**Problem to solve**
Please list all lines of the material below in which the string "stressresponsssystemet" occurs.

**Supplied material**
-------------------------

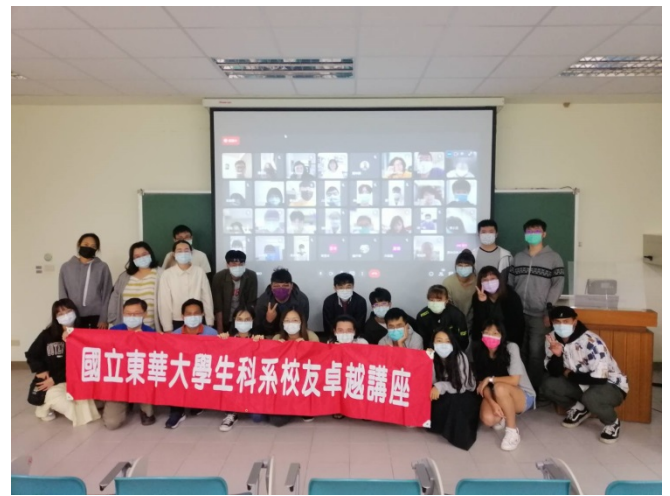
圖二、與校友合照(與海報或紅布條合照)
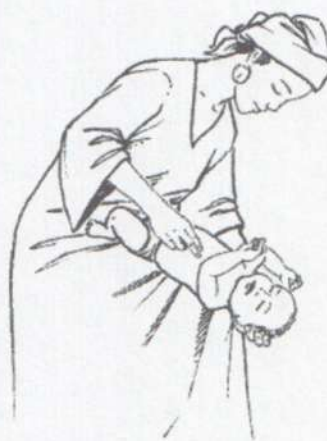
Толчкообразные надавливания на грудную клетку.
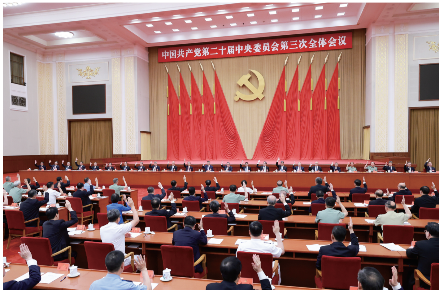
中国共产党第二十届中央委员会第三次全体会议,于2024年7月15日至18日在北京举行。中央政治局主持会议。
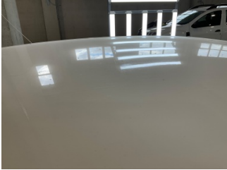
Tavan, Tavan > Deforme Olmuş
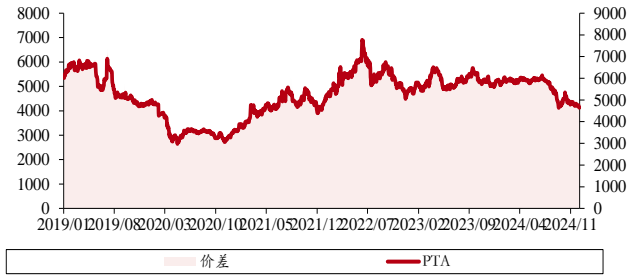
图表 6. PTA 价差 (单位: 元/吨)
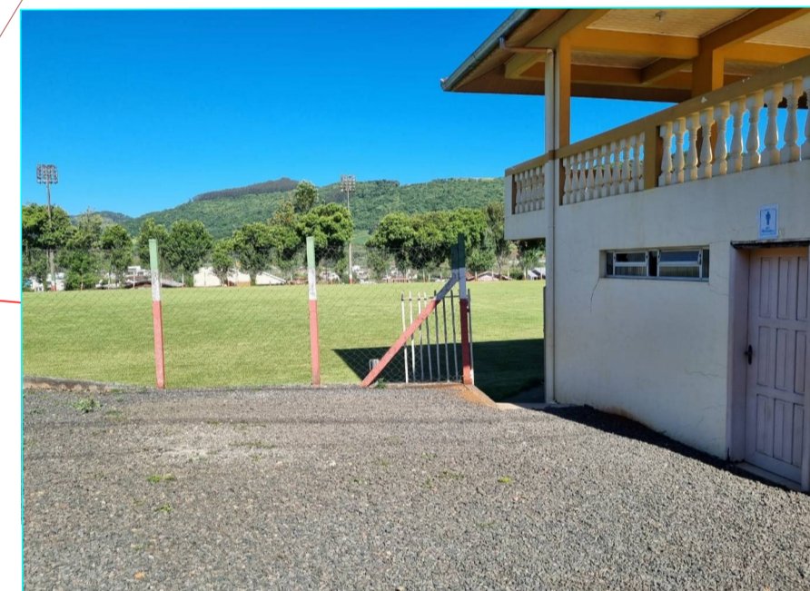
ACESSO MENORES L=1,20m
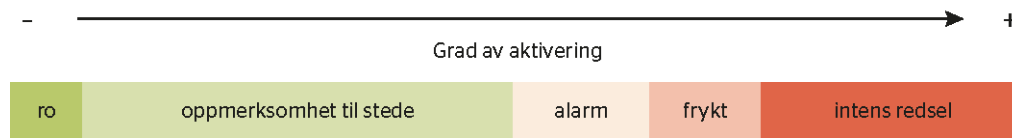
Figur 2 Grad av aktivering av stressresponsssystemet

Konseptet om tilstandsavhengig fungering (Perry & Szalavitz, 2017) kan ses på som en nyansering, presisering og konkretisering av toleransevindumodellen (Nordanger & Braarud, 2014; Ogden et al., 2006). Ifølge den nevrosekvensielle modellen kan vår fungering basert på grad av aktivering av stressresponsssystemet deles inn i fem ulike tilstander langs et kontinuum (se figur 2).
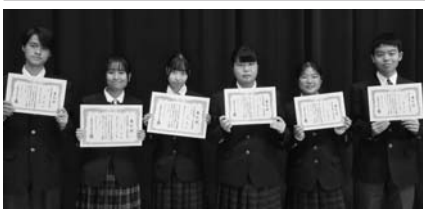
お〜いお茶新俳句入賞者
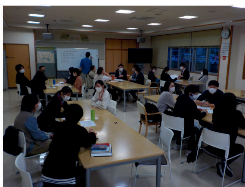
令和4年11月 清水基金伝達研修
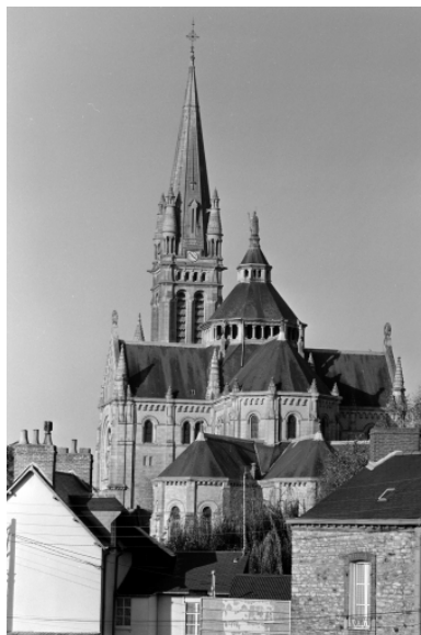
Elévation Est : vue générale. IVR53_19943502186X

-------------------------

**Task output**
Figur 2 Grad av aktivering av stressresponsssystemet
Konseptet om tilstandsavhengig fungering (Perry & Szalavitz, 2017) kan ses på som en nyansering, presisering og konkretisering av toleransevindumodellen (Nordanger & Braarud, 2014; Ogden et al., 2006). Ifølge den nevrosekvensielle modellen kan vår fungering basert på grad av aktivering av stressresponsssystemet deles inn i fem ulike tilstander langs et kontinuum (se figur 2).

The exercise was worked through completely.